PaxMedica announced the successful acquisition of certain suramin research assets from Rediscovery Life Sciences (RLS). These assets were previously dedicated to the study of suramin's potential efficacy in treating acute kidney injury resulting from chronic kidney disease. The newly acquired data from RLS will play a crucial role in bolstering PaxMedica's ongoing efforts to support the submission for the approval of PAX-101, specifically for the treatment of African Sleeping Sickness caused by the Trypanosoma brucei rhodesiense parasite. Press release. 

InfoBionic has entered into an agreement with Mayo Clinic to incorporate its extensive know-how in cardiac patient monitoring, AI-ECG, and virtual telemetry to optimize and build upon its existing monitoring platform. The collaboration aims to enhance InfoBionic’s current proprietary AI algorithms and analytics capabilities to provide more personalized and predictive insights to both patients and clinicians. In addition, the agreement will help augment current development efforts in virtual cardiac telemetry to enable a seamless cardiac monitoring continuum of care from hospital to home. Press release. 

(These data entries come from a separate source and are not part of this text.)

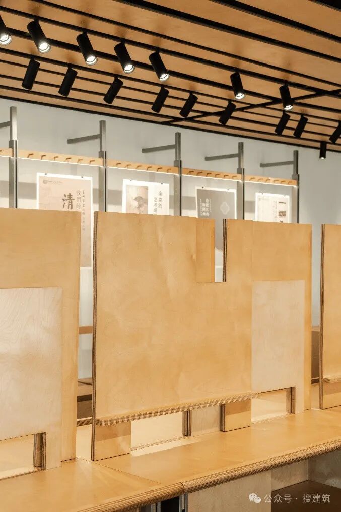Roof (M). Continuing indoors, we transformed the ceiling into a "puzzle game" with trapezoidal modules arranged in five different patterns, forming the "roof" within the space. This modular approach reduces construction difficulty and shortens the project timeline.
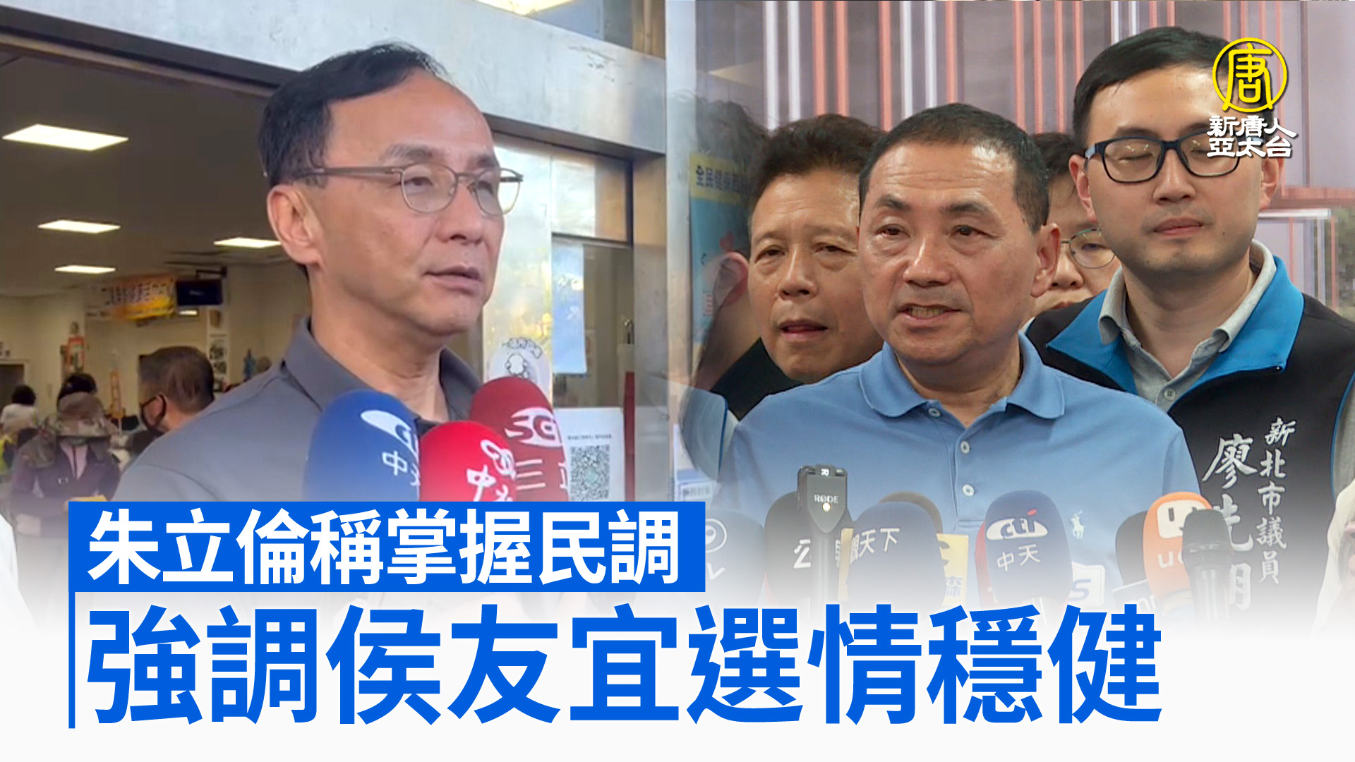 【新唐人亞太台 2023 年 06 月 01 日訊】來看到選舉話題,侯友宜在獲得國民黨徵召之後,民調卻出現下滑,甚至落後賴清德以及柯文哲。國民黨主席朱立倫今天(1日)表示,依據國民黨所掌握的民調,侯友宜選情非常穩定,強調不會受到刻意要「帶風向」的民調影響。
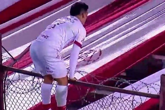 En el primer tiempo, el delantero protagonizó una insólita secuencia que comenzó con él marcado el gol, luego con su festejo colgado del alambrado y culminó con el gol anulado por el VAR.
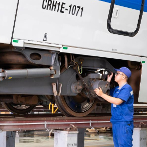 6月14日,在上海动车段南翔动车运用所,地勤机械师黎鹏(左)、夏迅对CRH1E-1071动车组转向架进行检查。

QIAGEN and Myriad Genetics announced a new master collaboration agreement to develop companion diagnostic tests in the field of cancer. The partnership aims to deliver innovative services and products to pharmaceutical companies, enabling the development and commercialization of proprietary cancer tests for the U.S. clinical market, and providing distributable companion diagnostic test kits for the global market. Press release. 

Georgiamune and Verily announced a strategic partnership to advance novel therapeutics for patients with cancer. The partnership aims to deliver innovative services and products to pharmaceutical companies, enabling the development and commercialization of proprietary cancer tests for the U.S. clinical market, and providing distributable companion diagnostic test kits for the global market. Press release. 

Metabolon and Genomics England have collaborated to further characterize hundreds of rare diseases to advance the field of rare disease diagnosis. It is hoped this research collaboration between Metabolon and Genomics England will enable the rapid discovery of novel biomarkers for known rare diseases and uncover disease-causing pathways for many unknown rare diseases. The collaboration will generate metabolomic data for over 7,000 participants from the 100,000 Genomes Project, a landmark project led by Genomics England and NHS England, which sequenced 100,000 whole genomes from NHS patients affected by rare conditions and cancer. Press release.